372-388: Topic-summary generation may still be called for shield-blocked requests.

This was raised in a previous review and marked as addressed, but the current guard at line 385 only checks generate_topic_summary without verifying moderation_result.decision == "passed". Both blocked code paths continue execution to where this helper is called, potentially invoking get_topic_summary() on rejected input.

If the omission is intentional per the parity discussion with query endpoints, consider adding a comment documenting the design decision.


7-16: LGTM!

Import additions align with the new helper functions: Sequence and OpenAIResponseOutput for _append_previous_response_turn, and NoReturn for _raise_response_api_http_exception.


228-251: LGTM!

The helper correctly uses fire_and_forget=True for error telemetry, since FastAPI discards BackgroundTasks on non-2xx responses. Parameters are properly sourced from api_params and context.


254-280: LGTM!

The error mapping logic correctly uses the utility functions from utils/query.py shown in the relevant code snippets. Returning None for unrecognized RuntimeError allows the caller to re-raise the original exception unchanged.


283-303: LGTM!

The NoReturn type hint correctly indicates the function always raises. Exception chaining with from error preserves the traceback context, and telemetry is properly queued before the exception is raised.


306-323: LGTM!

The helper correctly guards on api_params.store and the cast to ShieldModerationBlocked is safe since both call sites verify moderation_result.decision == "blocked" first.


326-348: LGTM!

Correctly uses fire_and_forget=False (default) since shield-blocked requests return a valid 200 response with refusal content, so BackgroundTasks will be executed normally.


351-369: LGTM!

The dual guard condition correctly handles the case where conversation context is being continued from a previous response. The Sequence[OpenAIResponseOutput] type is appropriately specific.


391-421: LGTM!

The helper correctly guards on api_params.store and properly extracts auth tuple components. The empty attachments=[] is appropriate for the Responses API path.


424-454: LGTM!

The guard at lines 440-441 correctly prevents duplicate telemetry—blocked requests emit responses_shield_blocked via _queue_blocked_response_event instead. Token counts and user_agent are properly propagated.


658-682: LGTM!

The streaming handler correctly delegates to the shared helpers for both the blocked path and exception handling.
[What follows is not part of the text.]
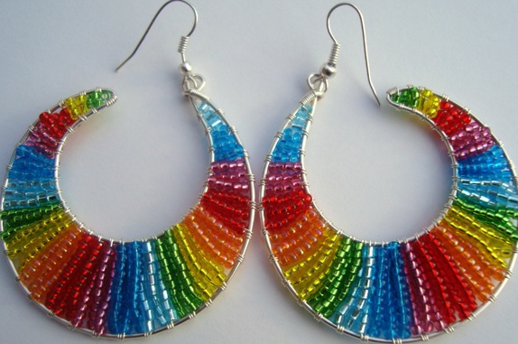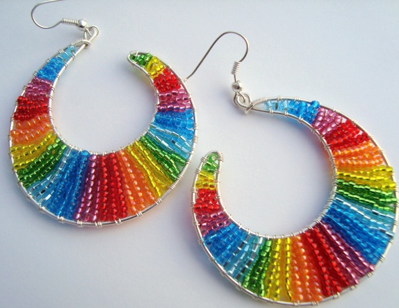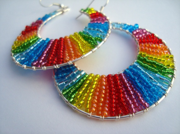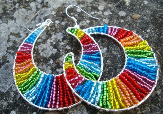Earrings are made from high quality silver plated copper wire, and laced with (japan) TOHO rokajl and (czech) rokajl in the shiny colours of the rainbow.

The exception types in the except clause align with what _raise_response_api_http_exception handles.


1035-1040: LGTM!

The guard on latest_response_object before calling _append_previous_response_turn is correct—it prevents attempting to append when no valid response was received.


1067-1082: LGTM!

The ordering is correct—_store_response_query_results executes before _queue_completed_response_event, ensuring telemetry is only emitted after successful persistence. This addresses the previous review concern about ordering consistency.


1099-1182: LGTM!

The non-streaming handler correctly delegates to all shared helpers. The ordering at lines 1169-1182 is correct—_store_response_query_results before _queue_completed_response_event. The simplified user_id = context.auth[0] at line 1099 is appropriate since only the user_id is needed at that point.

tests/unit/app/endpoints/test_responses_splunk.py (2)

425-449: LGTM!

The test correctly verifies user_agent propagation through the non-streaming success path. The assertion at line 449 confirms the parameter reaches _queue_responses_splunk_event.


655-684: LGTM!

The streaming success test mirrors the non-streaming test coverage for user_agent propagation. Both paths are now verified to pass the user agent through to telemetry.


Walkthrough

Refactored responses.py to extract error handling, shield-blocked request persistence, topic-summary generation, response storage, and completion telemetry into reusable private helper functions. Both streaming and non-streaming endpoints now delegate to these consolidated helpers instead of duplicating logic. Tests updated to verify user_agent parameter propagation.

Changes

Error Handling & Telemetry Consolidation

Layer / File(s) Summary
Helper Function Definitions
src/app/endpoints/responses.py (lines 228–455)
Introduced _http_exception_for_response_api_error, _raise_response_api_http_exception, and _queue_responses_error_event for centralized exception-to-HTTPException mapping and responses_error telemetry. Added _persist_blocked_response_turn and _queue_blocked_response_event for shield-blocked request handling. Added _append_previous_response_turn, _maybe_get_topic_summary, _store_response_query_results, and _queue_completed_response_event for response persistence and completion telemetry (suppressed unless moderation passed).
Streaming Flow Refactoring
src/app/endpoints/responses.py (lines 658–1082)
Updated streaming shield-blocked branch to use _persist_blocked_response_turn() and _queue_blocked_response_event(). Consolidated streaming exception handling into _raise_response_api_http_exception(e, api_params, context). Replaced inline response appending, topic summary, storage, and completion telemetry with calls to _append_previous_response_turn(), _maybe_get_topic_summary(), _store_response_query_results(...), and _queue_completed_response_event(...).
Non-Streaming Flow Refactoring
src/app/endpoints/responses.py (lines 1099–1182)
Simplified user_id extraction from tuple unpacking to context.auth[0]. Refactored shield-blocked branch to use consolidated helpers. Consolidated exception handling into _raise_response_api_http_exception(...). Replaced inline storage and completion telemetry with calls to shared helpers.
Test Verification
tests/unit/app/endpoints/test_responses_splunk.py (lines 432–449, 662–684)
Updated test_non_streaming_success and test_streaming_success to pass explicit user_agent="test-agent/1.0" and assert user_agent is present in _queue_responses_splunk_event call arguments.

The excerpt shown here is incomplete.